SETMA Tools for Dealing with During the Visit

  1. As a part of SETMA’s Patient-Centered Medical Home and because of our partnership with hospice, advanced directives are part of our quality management program.
  2. As par of the Hospital Care Summary and the Post Hospital Plan of Car and Treatment plan, patients receive follow-up appointments prior to leaving the hospital.  This document identifies all procedures and/or test results which are not reporting and explains to the patient how they will get those results.
  3. The Hospital Care Summary includes explicit statements of why the patient came to the hospital and why they were admitted.
  4. SETMA has around the clock communications with our patients by multiple means and methods to maintain continuity of care and patient safety.

4. At the Conclusion of the Visit

Communicate and Coordinate the Ongoing Care Plan

  • Print reconciled, dated medication list and provide a copy to the patient, family caregiver, home health care nurse, and case manager, if appropriate.
  • Communicate revisions of the care plan to patient, family caregiver, home health care nurse, and case manager, if appropriate.
  • Ensure that the next appointment is made,

Six Typical Failures

  1. Patients leave the office visit with questions about what they should do when they get home (e.g., medications, eating plan, etc.);
  2. Primary care physicians who lack the time or confidence to sufficiently manage the care of patients with complex medical conditions after discharge (e.g., adjusting medications for patients after a specialist visit or consultation or following a hospitalization); (IHI)
  3. Lack of agreement between specialists and primary care physicians about which physicians are responsible for managing the patient’s condition in the short or long term;
  4. Lack of communication to providers when their patients with multiple conditions are discharged from the hospital;
  5. Poly-pharmacy issues due to prescriptions by multiple providers and a lack of oversight of the patient’s overall medication regimen or treatment plan; and
  6. Home health care agencies, skilled nursing facilities and other supportive services are not provided with an updated care plan for their past/current patients. (IHI)

Recommended Changes

  1. Print reconciled, dated medication list and provide a copy to the patient, family caregiver, home health care nurse, and case manager, if appropriate. The reconciliation of medications that the patient was taking before and after discharge is an important component of what happens during the office visit.
  2. Communicate revisions to the care plan to the patient, family caregiver, home health care nurse, and case manager, if appropriate.  Patients at high risk of readmission often: have multiple clinical conditions and  are treated by a number of different clinicians.  Following the post-discharge visit, send updated information about the patient’s treatment plan and medications, especially any changes in the patient’s condition and ability to care for him/herself, to all providers caring for patient.
  3.  Communicate revisions to the care plan to the patient, family caregiver, home health care nurse, and case manager, if appropriate.
  4. Communicate revisions to the care plan to the patient, family caregiver, home health care nurse, and case manager, if appropriate.
  5. Communicate revisions to the care plan to the patient, family caregiver, home health care nurse, and case manager, if appropriate.
  6. Ensure that the next appointment is made, as appropriate.

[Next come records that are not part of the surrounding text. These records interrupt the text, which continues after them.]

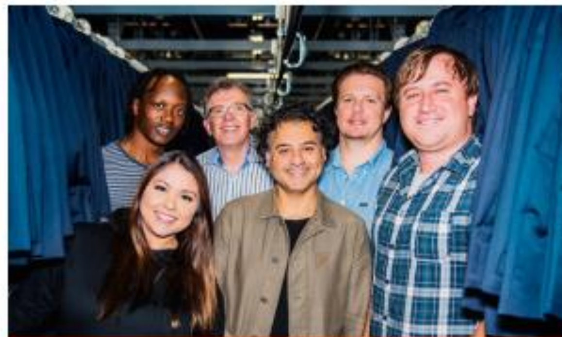
STITCH & TIE BY FRIAR TUX Vuokraa kustomoitu puku tai smokki netistä
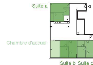
1 er étage
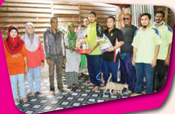
Jejak Asnaf MAIPK Slim River pada 25 Mei 2015
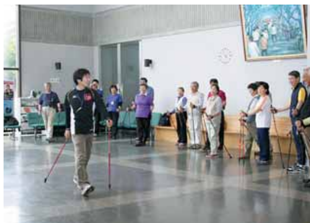
ボールの使い方のコツを学ぶ
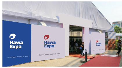
Outside banner C area (4mx3m)

SETMA Tools for Dealing with Conclusion of the Visit

The most important tool which SETMA has developed is a team which continually communicates with each member personally, electronically, telephonically and documentarily.  The simultaneous sharing of patient encounter material across a continuum and at every point of care for the patient is the foundational tool for the fulfillment of all of our efforts to decrease rehospitalizations.